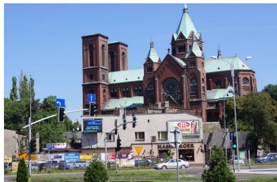
Zabudowa przy skrzyżowaniu ulic S. Staszica i 1 Maja
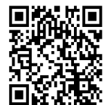
YouTubeチャンネル 二次元コード

就学前教育カンファレンス及び幼稚園教育研究協議会での実践発表や講演内容は、義務教育指導課のYouTubeチャンネルにて配信予定です。
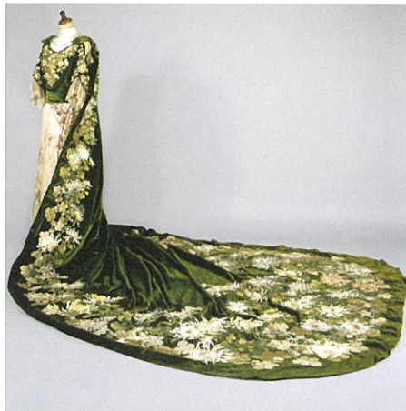
「昭憲皇太后着用大礼服」1910年頃(明治末期) 共立女子大学博物館蔵
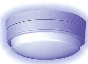
差動式熱感知器 火災センサー
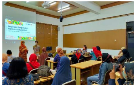
Gambar 3. Bimbingan Teknis Cara Penggunaan Akun Shopee
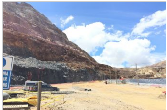
Antes de la Obra
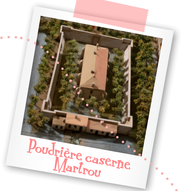
Poudrière caserne Martrou
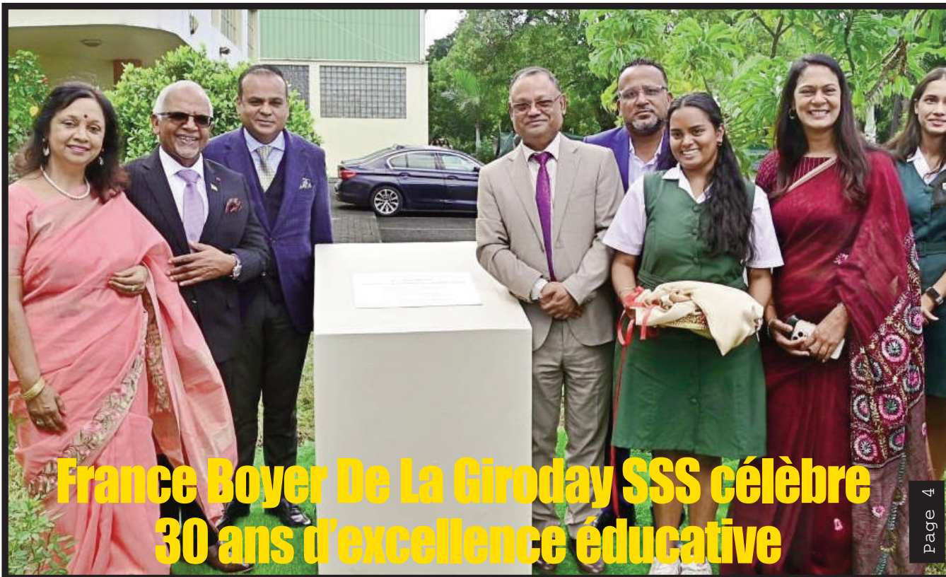
France Boyer De La Giroday SSS célèbre 30 ans d'excellence éducative Page 4
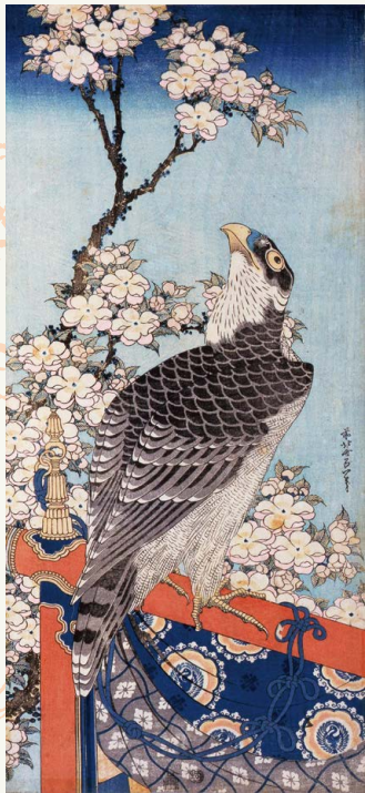
春 葛飾北斎「桜に鷹」(後期)
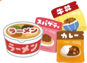
レトルト・インスタント食品
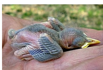
8 dagen. Kleine dekveren nu ook in begin van bloedspoel. Code N5
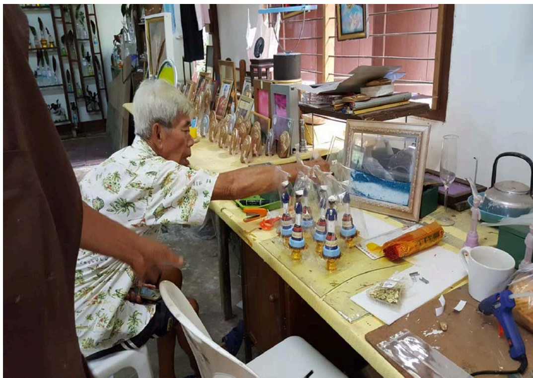
โรงฝึกงานผู้บำบัดยาเสพติด
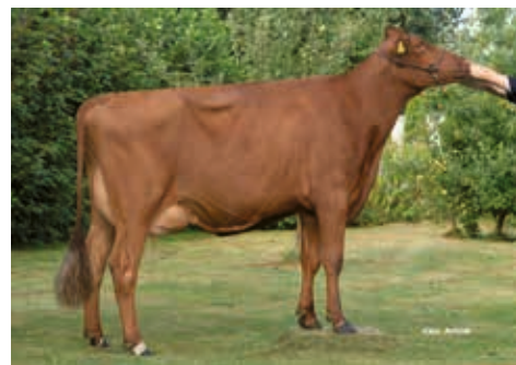
Zwickau (1) GP 82, Fuschera-Petersen, Fahrdorf

VR Redfox v. Rankin Tarona (2) VG 86 6/6 LA 10485 5,42 568 3,76 394 HL 4 12194 5,13 625 3,93 479
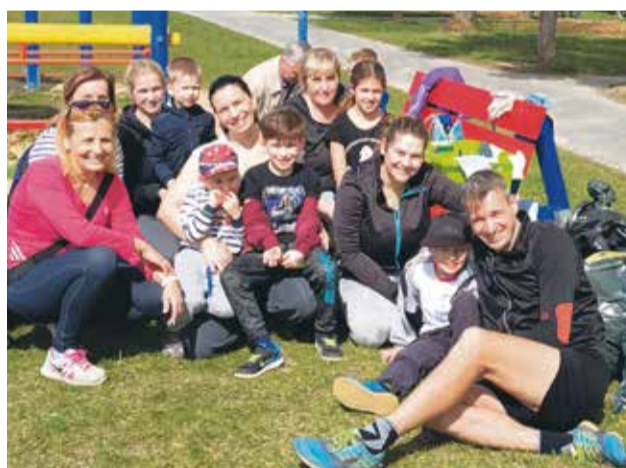
Zapojili sa aj dobrovoľníci zo Žihadielka, ktorí upratovali najmä v okolí detského ihriska na Kukučínovej ulici
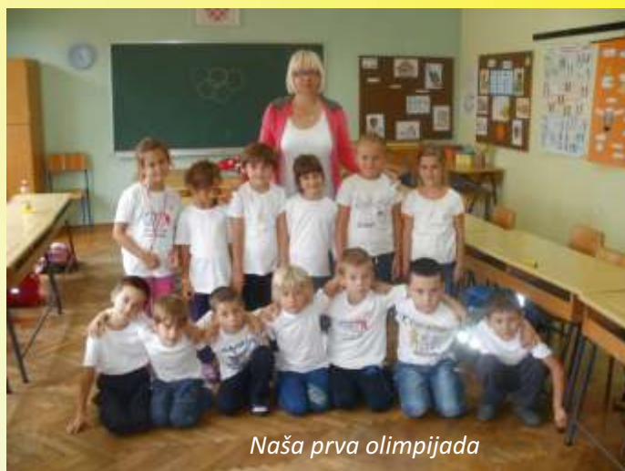
Naša prva olimpijada
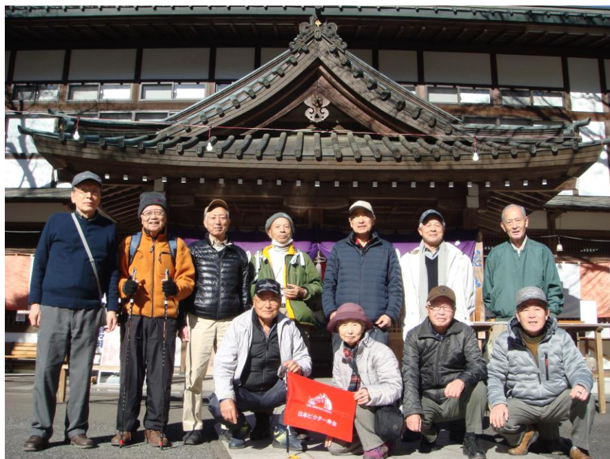
最乗寺本殿前にて

令和6年最初のハイキングは曹洞宗の古刹、天狗伝説でも名高い大雄山最乗寺です。 今年1年の安寧を祈願して参拝をしました。

══════════

Produce an exact copy of the lines from the line containing "レトルト・インスタント食品" through the last line of the records, with no pictures and no other text.

-- SOLUTION TO THE PROBLEM --
レトルト・インスタント食品
8 dagen. Kleine dekveren nu ook in begin van bloedspoel. Code N5
โรงฝึกงานผู้บำบัดยาเสพติด
Zwickau (1) GP 82, Fuschera-Petersen, Fahrdorf

VR Redfox v. Rankin Tarona (2) VG 86 6/6 LA 10485 5,42 568 3,76 394 HL 4 12194 5,13 625 3,93 479
Zapojili sa aj dobrovoľníci zo Žihadielka, ktorí upratovali najmä v okolí detského ihriska na Kukučínovej ulici
Naša prva olimpijada
最乗寺本殿前にて

令和6年最初のハイキングは曹洞宗の古刹、天狗伝説でも名高い大雄山最乗寺です。 今年1年の安寧を祈願して参拝をしました。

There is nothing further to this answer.